Affichage des articles dont le libellé est Henan. Afficher tous les articles
Affichage des articles dont le libellé est Henan. Afficher tous les articles

lundi 9 septembre 2019

From Beijing to Hampstead: how tale of HIV whistleblower rattled Chinese state

Officials pile pressure on family of crusading doctor whose exposure of a 1990s cover-up is now hitting the stage
By Vanessa Thorpe

The King of Hell’s Palace, opening at the Hampstead Theatre, was inspired by Dr Shuping Wang’s true story.

Chinese security officials have been accused of targeting a whistleblower’s family and friends in a campaign to force a theatre to abandon a play based on her case.
Dr Shuping Wang, who exposed the spread of hepatitis and HIV infection through contaminated blood and plasma in China two decades ago, has said her relatives and former colleagues in Henan province are being told they should persuade her to drop the show at the London’s Hampstead Theatre.
She said the incident had revived memories of the original whistleblowing, but was determined that the show, The King of Hell’s Palace, should go ahead. 
“The only thing harder than standing up to the government and their security police is not giving in to pressure from friends and relatives who are threatened with their livelihoods, all because you are speaking out,” she said. 
“But even after all this time, I will still not be silenced, even though I am deeply sad that this intimidation is happening yet again.”
Wang said officials had also tried to obtain contact details for her daughter, in an attempt to exert pressure on her. 
“I am particularly concerned for my daughter, who is very scared about being approached,” she said, adding that former colleagues in Beijing were afraid to answer her phone calls and emails since high-level officials had visited. 
“Their reason is that this play will embarrass and damage the Chinese government and the reputations of specific officials.”


Shuping Wang.

The play, written by Frances Ya-Chu Cowhig and due to open on Friday, is a thriller inspired by the true story of Wang’s “extraordinary mission to expose a cover-up of epic proportions”. 
Set in Henan province in 1992 and directed by Michael Boyd, former artistic director of the Royal Shakespeare Company, it centres on the danger a young ministry of health official finds herself in when she is recruited into a new medical trade in human blood and uncovers a terrible secret.
Boyd condemned the pressure that Wang’s relatives were under but said: “We will do what Shuping wants, and she really wants this play to go on.”
The plot closely follows the battle Wang and her colleagues waged to uncover the truth. 
“I first reported the HCV [hepatitis] epidemic among blood donors to the Ministry of Health of PRC [People’s Republic of China] in 1992,” said Wang. 
“Three years later, I discovered and reported a serious HIV epidemic among the plasma donors to the Health Bureau of Zhoukou Region and the ministry of health of the PRC ... Only after I reported my results to the central government in Beijing was any action taken. They requested that I falsify my information about the HIV epidemic situation among the plasma donors but I refused.

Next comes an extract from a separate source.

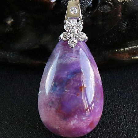 舒俱来石(Sugilite),为1960年代一位日本地质学家发现的新种类矿石,目前产地仅有南非、日本、加拿大和美国。其中美国是最大出口国,这两年因南非限制出口,价格有所攀升。可谓稀有种类宝石,又称南非国宝。最为上乘的舒俱来为红紫色系中的樱花色和皇家紫,纯正的紫色是舒俱来最经典颜色,而樱花色舒俱来市价最高、最光彩夺目,又以半透明和透明的樱花粉色最为罕见。以南非产皇家紫为代表,色艳均匀而油润,矿杂棉裂、石纹越少越好。美国、日本樱花体为多,以少见的桃红色为最。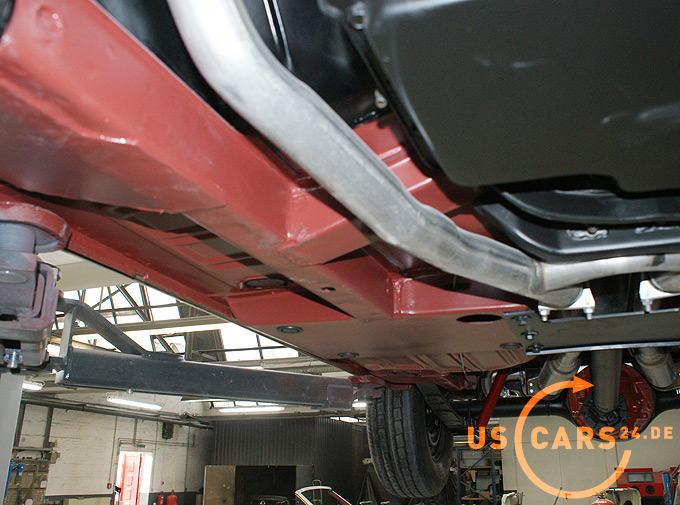Das Fahrzeug wurde komplett restauriert wobei großer Wert auf Originalität gelegt wurde. Der Unterboden wurde von uns mittels Eisstrahlen frei gelegt und in der Originalfarbe Red Oxide beschichtet. Der Unterboden ist komplett rostfrei.

To cover up the HIV epidemic situation, they broke up our clinical testing centre, hit me with a heavy stick and insulted me.”
Wang resisted pressure to close her laboratory, but the health bureau cut off the electricity and water supplies, forcing it to discard thousands of blood samples.
Wang, an American citizen, learned of the visits that were “causing panic” in her home town in a phone call from a relative last month.
The allegation of renewed pressure on Wang and her associates comes as both China’s government and its citizens become increasingly assertive internationally. 
The foreign policy maxim of the former paramount leader Deng Xiaoping – “hide your strength, bide your time” – has been cast aside as Chinese economic power and global influence has grown. 
Instead, shows of strength have attempted to influence how China is depicted internationally.
“It is worrying that China is not bothered that it will be seen to be doing this. It is a sign of its confidence,” said Boyd.
In her statement, Wang said punishing relatives and colleagues of people who spoke out against the leadership was commonplace inside China.
“With bullying and censorship, the government has covered up the HCV and HIV epidemics in China very successfully,” she said.
“Why, in 2019, do they worry so much about a play being produced in London, 24 years after the events it depicts?”

samedi 10 juin 2017

Sina Delenda Est: Coldblooded Nation

Heartless crowds do NOTHING to help woman knocked down by hit and run taxi in China… leaving her to be killed by a second car
By IAN JOHNSON

SHOCKING footage shows a woman being killed when she’s hit by a car and left lying in the street – then run over a second time after bystanders failed to stop and help.
Video of the double hit-and-run was released recently by authorities in the city of Zhumadian, China, and has caused outrage among viewers.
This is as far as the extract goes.